Libstdc++: Die C++-Standardbibliothek ist in GCC 3.4 deutlich schneller als bisher. Durch Caching braucht formatierte Ein- und Ausgabe jetzt nur noch ein Drittel der Zeit von Version 3.2. Viele weitere Beschleunigungen in dieser Library erklärt Paolo Carlini in "Performance work in the libstdc++-v3"[6].

CFG-level Loop-Optimierer: Durch das Control-Flow-Graph-Projekt des GCC ist ein neuer Loop-Optimierer hinzugekommen, der auch die Techniken Loop Peeling und Loop Unswitching beherrscht (siehe Kasten "Optimierungstechniken").

Web Construction Pass: Dieser Schritt sollte in beinahe jedem Fall die Verteilung der vom übersetzten Programm verwendeten CPU-Register optimieren. Er ist per Default erst ab der Optimierungsstufe »-O3« eingeschaltet, da er das Debugging des Binärcodes sehr erschweren kann.

Im Laufe der Zeit wurde es immer schwieriger, dem in die Jahre gekommenen YACC-basierten Parser alle Ansi-C++-Features beizubringen, ihn komplett standardkonform weiterzuentwickeln und die Fehlermeldungen lesbar zu gestalten. Daher entschieden sich die GCC-Entwickler dazu, den Parser von Hand (ohne YACC-Hilfe) neu zu programmieren.

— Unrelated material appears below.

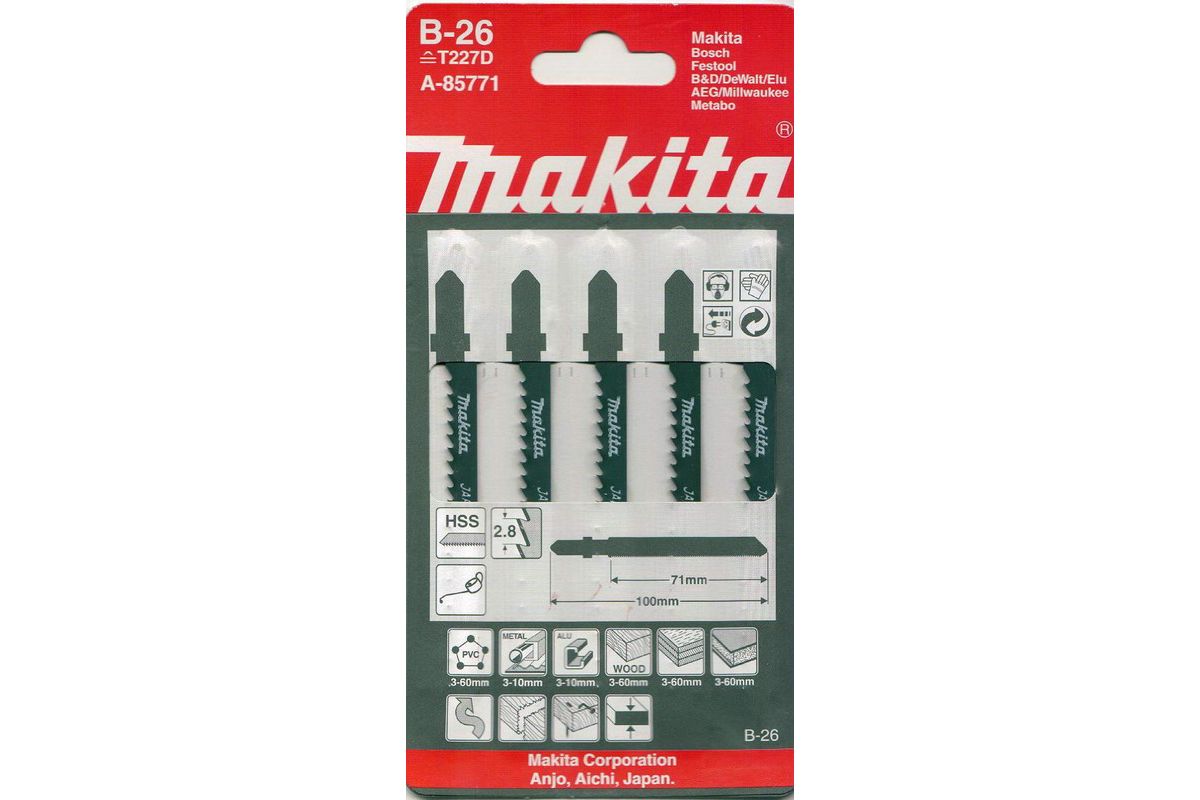 Пилка для лобзика MAKITA A-85771 B-26 алюм\пластик, по кривой, 100мм, шаг 2.8, HSS, 5шт.

Das ABI beschreibt unter anderem auch, wie der Binärcode Funktionsparameter übergibt, Ergebnisse zurückliefert, wie Strukturen im Speicher liegen und wie sie ausgerichtet sind (Alignment). Anders als bei früheren Versionen, bei denen das ABI teils größere Korrekturen erfahren hat, gibt es jetzt in GCC 3.4 zum Glück fast nur kleinere Änderungen bei einigen Plattformen (Mips, Sparc, Alpha). Auf den meistgenutzten Plattformen sind kaum Inkompatibilitäten zu erwarten.

Precompiled Header

Ein probates Mittel gegen langwierige Compiler-Läufe ist nun auch in den GCC eingeflossen: Precompiled Header, PCH. Der Compiler speichert dabei den Inhalt von Headerdateien für C, C++ und Objective-C nach dem Parsen in einer separaten Datei »*.gch«, und zwar in einer internen Binär-Repräsentation. Bei späteren Läufen muss der Compiler nur diese internen GCC-Strukturen laden und nicht erneut alle Header parsen. Das beschleunigt vor allem das Übersetzen großer C++-Projekte stark.

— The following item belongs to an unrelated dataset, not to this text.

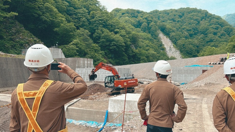 この現場では、砂防工事をするために、砂防までつながる道路をつくる工事をしています。

Um Header einzeln zu kompilieren, ruft man den Compiler so auf, als solle er eine normale C- oder C++-Datei übersetzen. Das Kommando »g++ Threads .hh« übersetzt den Threads-Header und erzeugt die - recht große - Datei »Threads.hh.gch«. Der große Umfang der kompilierten Header liegt unter anderem daran, dass Header selbst wieder andere Header einbinden.

Das Vorkompilieren benötigt Zeit, auch beim Übersetzen der Implementierungsfiles entsteht Overhead beim Laden der Precompiled Header. Es ist daher ineffizient, jeden Header einzeln vorzukompilieren. Stattdessen können Entwickler eines Projekts viele Header zusammenfassen:

$ g++ -I. `ls *.hh` -o Most.hh.gch

Anschließend fügen sie diesen virtuellen Header den »CXXFLAGS« hinzu. Da die meisten Header durch »#define«- und »#ifdef«-Makros selbst dafür sorgen, dass sie nur ein Mal eingebunden werden, genügt die »-include«-Option des GCC. Die Abbildung 1 zeigt mehrere Messungen, bei denen GCC das GSMP-Paket (General Sound Manipulation Program,[7]) übersetzen musste. Die erste Zeile zeigt die Ergebnisse mit der GCC-Version 3.2.3, danach folgen drei Messungen mit GCC 3.4.0.

Abbildung 1: Ein Übersetzungslauf des GSMP-ng- Pakets ist mit GCC 3.4 generell schneller als mit GCC 3.2.3, durch Precompiled Header (PCH) reduziert sich die Laufzeit weiter.

Der Lauf ohne Precompiled Header dauert 114 Sekunden. Der zweite Messwert ergibt sich bei »make CXXFLAGS="-include $PWD/utility/include/Most.hh"«. Die Laufzeit verringert sich um 20 Sekunden. Allerdings ist diese Technik nicht immer sinnvoll, etwa wenn sich während der Entwicklungsarbeit der Inhalt einzelner Headerdateien ändert. Dann ist es jedes Mal nötig, den virtuellen Header neu zu erstellen.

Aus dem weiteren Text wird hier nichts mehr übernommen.